Submission received: 26 December 2023 / Revised: 16 January 2024 / Accepted: 17 January 2024 / Published: 23 January 2024

(This article belongs to the Special Issue Traffic Safety and Transportation Planning)

Download

Browse Figures

Versions Notes

Abstract

Uncertain emergency events are inevitable and occur unpredictably on the highway. Emergencies with lane capacity drops cause local congestion and can even cause a second accident if the response is not timely. To address this problem, a self-triggered variable speed limit (VSL) intelligent decision-making control strategy based on the improved deep deterministic policy gradient (DDPG) algorithm is proposed, which can eliminate or alleviate congestion in a timely manner. The action noise parameter is introduced to improve exploration efficiency and stability in the early stage of the algorithm training and then maximizes differential traffic flow as the control objective, taking the real-time traffic state as the input. The reward function is constructed to explore the values of the speed limit. The results show that in terms of safety, under different traffic flow levels, the proposed strategy has improved by over 28.30% compared to other methods. In terms of efficiency, except for being inferior to the no-control condition during low-traffic-flow conditions, our strategy has improved over 7.21% compared to the others. The proposed strategy greatly benefits traffic sustainability in Intelligent Transport Systems (ITSs).

Keywords:

variable speed limit; deep deterministic policy gradient (DDPG); deep reinforcement learning (DRL); emergency

1. Introduction

Highway emergencies are uncertain [1,2] and occur accompanied by a series of unpredictable traffic phenomena. For example, a sudden lane drop will cause a large number of vehicles to quickly gather in the upstream section of the emergency section, which may cause a series of negative impacts and chain effects, such as queuing and even secondary accidents, resulting in heavier casualties and more property losses [3,4,5]. Therefore, it is necessary to pay attention to the emergency section. Timely traffic management and control are very necessary.

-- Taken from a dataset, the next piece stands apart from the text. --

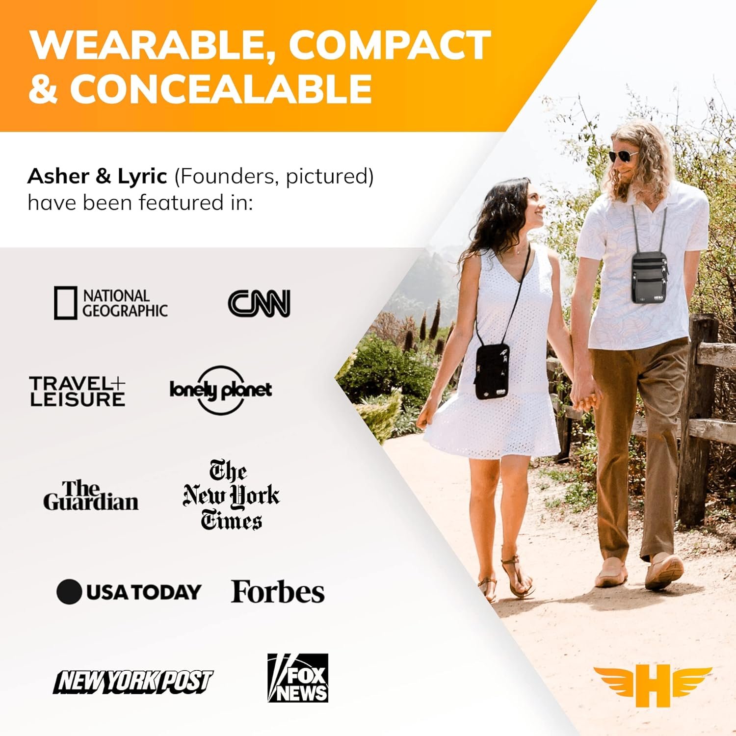 HERO Neck Wallet, RFID Blocking Passport Holder, Easy to Conceal Travel Pouch

The variable speed limit (VSL) is an effective control measure to improve road safety in emergency environments [6] and is widely and successfully applied to highway systems in the US, the EU, and Australia [7,8]. VSLs can reduce the probability of traffic blockage by balancing vehicle speeds. The principle is to constrain the inflow by adjusting the values of the VSL in time, optimizing the traffic flow operating status to avoid stop-and-go traffic, waves, and other unstable states [9]. VSL control can adjust traffic states based on real-time traffic information, including traffic speed, flow, and so on, especially for emergency events or severe conditions and other dynamic states. The dynamic adjustment of appropriate speed based on the current conditions has advantages in efficiency and safety. Some studies [10,11] show that the implementation of the VSL method can reduce vehicle collisions and improve road safety. What is more, it also makes important contributions to traffic efficiency and environmental benefits [12,13].

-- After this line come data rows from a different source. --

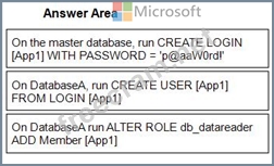 You need to create App1. The solution must ensure that App1 can be given access to other databases by using the same credentials.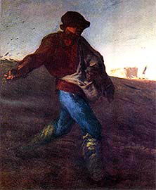 米勒(Jean-Francois millet 1814- 1875)法国画家。1814年10月出生于诺曼底半岛格鲁什村的一个耕农家,1875年1月卒于巴比松。他自幼参加田间劳动。18岁来到瑟堡师从当地画家学习,23岁获得瑟堡市议会的奖学金,赴跟随罗拉罗什学画,但更吸引他的是卢佛尔宫中的名画。他从米开朗基罗和普桑的画中学习的宏伟的纪念碑式的形式和气派,从伦勃朗和夏尔丹的画中学习到富有平民生活气息的内容和表现技巧。米勒于1849年夏到巴比松村定居,但枫丹白露森林的景色却不是他画布上的主要内容,他的主要描绘对象是法国农村的劳动者。米勒从来没有画过农民反抗的场面,这也许是由于他的温厚的人道精神中含有宗教情绪的缘故。但他画的胼手胝足,粗衣陋食的劳动者的形象,实际上对纸醉金迷,灯红酒绿的上流社会就是一种抗争,虽然这种抗争是较温和的。1850年的这幅《播种者》即是如此。这是一个深沉有力的劳动者的形象。身躯高大的农民身著红衫蓝裤,在田野上播种。这幅画招到了"高等市民"的不安,他们在播种者那充满韵律感和强有力的动作中看到了类似六月革命时巴黎街头人民的形象。但当时的进步人士却有不同的反映。作家雨果从这幅画中看到对人民创造力量的赞美,因而予以充分的肯定。米勒用一种雕塑般的单纯而简练的形象,概括地表达耐人寻味的内容,所以荷兰画家梵高评述说:“在米勒的作品中,现实的形象同时具有象征的意义。”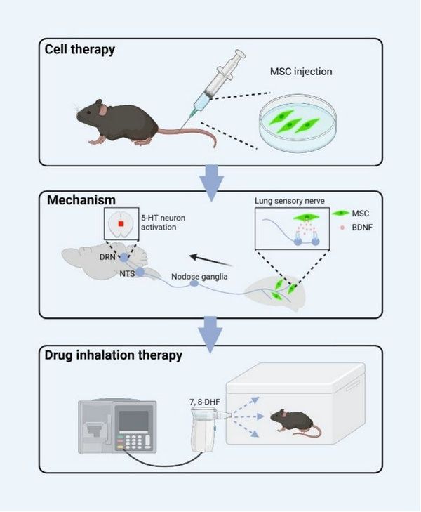 综上所述,该研究发现了静脉注射的MSC通过肺迷走-孤束核-中缝背核通路调控中枢5-羟色胺能系统改善小鼠焦虑抑郁样行为的新机制,为探索靶向肺-脑轴的抗抑郁策略提供了新思路。

The VSL control methods can be roughly divided into four types: rule-based, feedback-based, optimal-control-based, and reinforcement learning methods [14]. Rule-based VSL control methods are implemented by formulating logical rules [15,16]. As mentioned before, the value of the variable speed limit is determined based on preselected thresholds, including traffic flow, density, average speed, and so on, which can coordinate speed differences and stabilize traffic flow. Rule-based methods are simple and easy to implement compared to other methods and are already in most traffic management and control systems. The successful application of VSL control in traffic systems also illustrates its effectiveness in coordinating traffic and improving traffic safety and efficiency. The main idea of the feedback-based VSL controller [17,18] is to calculate a VSL value using the current and past traffic conditions, which usually requires less computing time than the optimal-control-based methods. However, the performance of feedback-based VSL control relies heavily on the accurate measurement of traffic conditions, such as traffic flow and density. Therefore, small perturbations in the measured density may lead to suboptimal performance of the closed-loop system. The VSL based on optimal control methods is typically implemented within a model predictive control framework [19,20,21,22]. At each time step, the VSL control command is calculated by solving an optimization problem whose objective function involves a performance metric, such as total travel time, safety, emissions, and fuel consumption. In addition, its control effect depends on the accuracy of the model. The VSL decision-making control strategy based on reinforcement learning is based on real-time data fed back by the environment [12,23,24], and it automatically senses the environmental status and conducts interactive training with the external environment through a continuous trial and error mechanism, thereby learning the optimal control decision.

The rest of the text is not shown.